Independent, Fee-Only Financial Advisor

Independent, Fee-Only Financial Advisor

Thursday, June 07, 2012

easy math with derivatives

Expanded version here:
https://jrtaff.wordpress.com/2012/06/07/a-little-math-to-calm-you-down/


Derivatives. Scary stuff, right? If you hear it in the financial news, you probably know a little bit about them: they are huge and unpredictable and scary, right? In fact, a recent report points out that 75% of derivatives are concentrated on (or off) the books of six US firms. Thats a high concentration to be sure, but what does it mean?


How big is this market? It is actually huge. The Fitch report puts the notional size at $300 Trillion dollars. Uh, ok, thats big right? Do you realize how big of a number that is? $300,000,000,000,000. Thats a lot of zeros. For comparison, JP Morgan has 130,452,000,000 in net tangible assets (what they have minus what they owe) at last check and I just bought a small cup of coffee for $1.65, so that is 181,818,181,818,181.8 cups of coffee or 2,300 JP Morgans.


If you want the maths details, I have tried to work them out on my personal blog. Basically, the notional amount is like the principal on a loan, and it goes both ways. Each party owes that to each other, so that will cancel out. It is the cash flows on top that matter. The cash flows depend on interest rates, which are miserably small right now, so even on that $300,000,000,000,000, there may be only a few billion in payments going back and forth. That is manageable for the banks.

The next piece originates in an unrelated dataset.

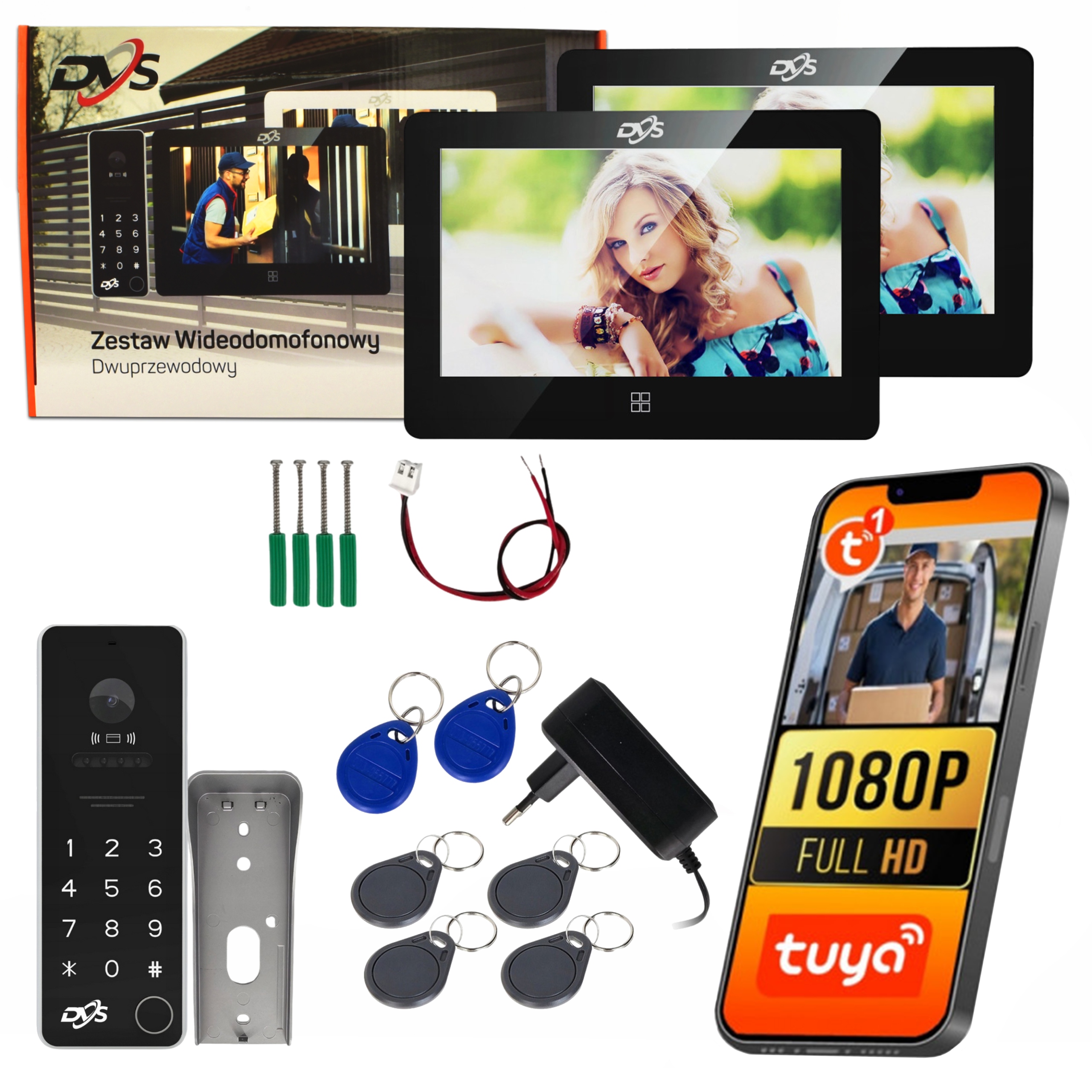 ВІДЕОДОМОФОН ДОМОФОН WiFi 2 СЕНСОРНІ МОНІТОРИ ЧОРНІ БРЕЛОКИ RFID TUYA DVS

Yes, derivatives are HUGE, but their size may be exacerbated by the low interest rates right now. The two main issues with derivatives that I see are the complexity to people working with them, and their nature as off balance sheet items. If people working with them cannot properly hedge their risk away (which is generally the goal) there is still risk in holding it. If investors can't see what directional exposure exists, they cannot properly analyze the company.


Counterparty risk is a big deal. This is why AIG was bailed out so urgently - they were tied to just about everybody pretty much with the losing end of the deal every time. Their contracts obligated them to pay a lot of people a lot of money. If the contracts were not honored, everyone else would suffer along with them (a lot more than they obviously did).


Notional size is not what is important here, unhedged liability and counter-party risk is what matters. Just remember that when before the size of this market starts to frighten you.